── Data shown ──
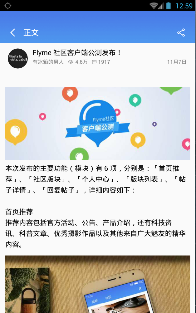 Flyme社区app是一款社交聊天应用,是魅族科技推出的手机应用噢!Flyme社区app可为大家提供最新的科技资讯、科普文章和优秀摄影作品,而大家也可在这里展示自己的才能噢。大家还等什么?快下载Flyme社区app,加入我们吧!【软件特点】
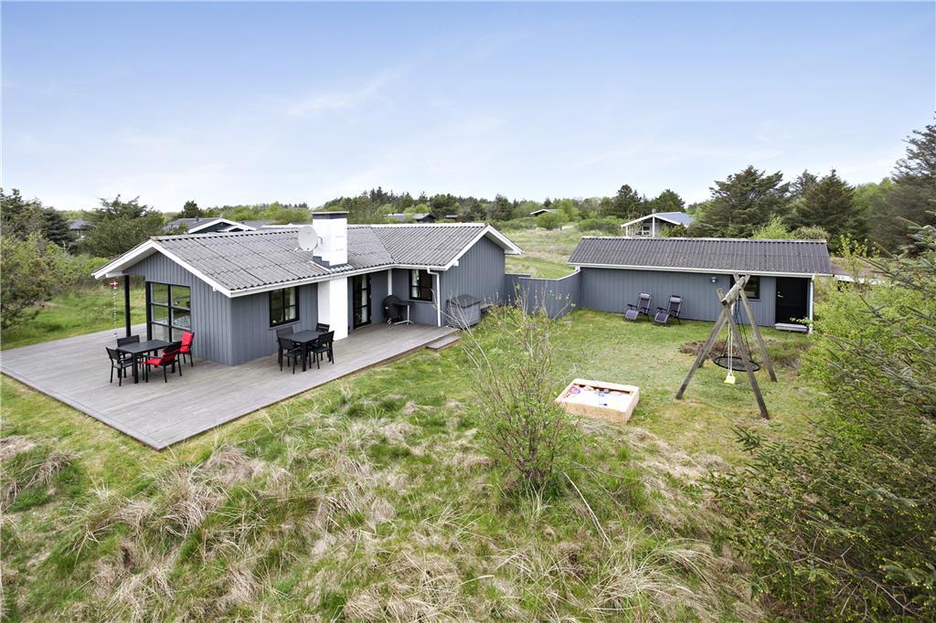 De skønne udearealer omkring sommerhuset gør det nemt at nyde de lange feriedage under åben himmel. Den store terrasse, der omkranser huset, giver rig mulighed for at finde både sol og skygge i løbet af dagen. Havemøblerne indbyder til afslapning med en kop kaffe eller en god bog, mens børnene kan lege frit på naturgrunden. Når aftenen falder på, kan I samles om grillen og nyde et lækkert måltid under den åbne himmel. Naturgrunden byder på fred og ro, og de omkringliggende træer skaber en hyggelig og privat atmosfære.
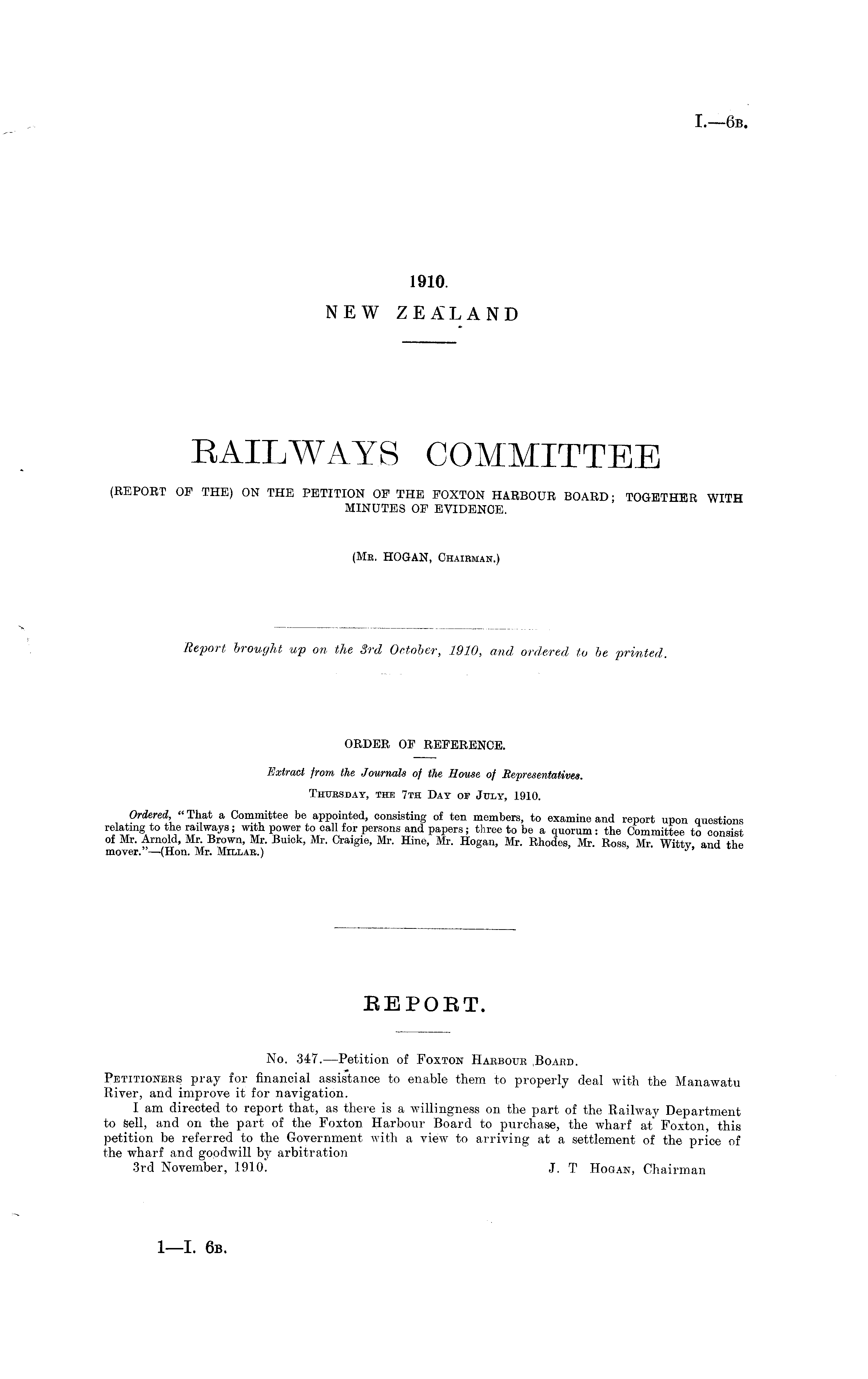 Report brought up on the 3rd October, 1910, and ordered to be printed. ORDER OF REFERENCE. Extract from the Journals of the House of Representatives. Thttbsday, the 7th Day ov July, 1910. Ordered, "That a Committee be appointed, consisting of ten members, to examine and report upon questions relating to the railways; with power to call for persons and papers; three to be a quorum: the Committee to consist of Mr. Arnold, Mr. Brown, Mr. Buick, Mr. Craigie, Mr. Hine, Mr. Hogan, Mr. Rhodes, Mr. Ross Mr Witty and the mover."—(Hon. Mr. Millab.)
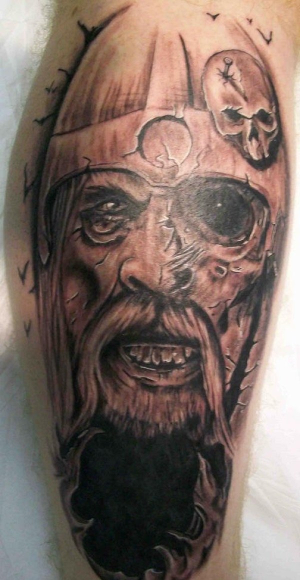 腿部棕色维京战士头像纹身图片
───
No pictures, please. Output the listing above exactly as it stands.

 Flyme社区app是一款社交聊天应用,是魅族科技推出的手机应用噢!Flyme社区app可为大家提供最新的科技资讯、科普文章和优秀摄影作品,而大家也可在这里展示自己的才能噢。大家还等什么?快下载Flyme社区app,加入我们吧!【软件特点】
 De skønne udearealer omkring sommerhuset gør det nemt at nyde de lange feriedage under åben himmel. Den store terrasse, der omkranser huset, giver rig mulighed for at finde både sol og skygge i løbet af dagen. Havemøblerne indbyder til afslapning med en kop kaffe eller en god bog, mens børnene kan lege frit på naturgrunden. Når aftenen falder på, kan I samles om grillen og nyde et lækkert måltid under den åbne himmel. Naturgrunden byder på fred og ro, og de omkringliggende træer skaber en hyggelig og privat atmosfære.
 Report brought up on the 3rd October, 1910, and ordered to be printed. ORDER OF REFERENCE. Extract from the Journals of the House of Representatives. Thttbsday, the 7th Day ov July, 1910. Ordered, "That a Committee be appointed, consisting of ten members, to examine and report upon questions relating to the railways; with power to call for persons and papers; three to be a quorum: the Committee to consist of Mr. Arnold, Mr. Brown, Mr. Buick, Mr. Craigie, Mr. Hine, Mr. Hogan, Mr. Rhodes, Mr. Ross Mr Witty and the mover."—(Hon. Mr. Millab.)
 腿部棕色维京战士头像纹身图片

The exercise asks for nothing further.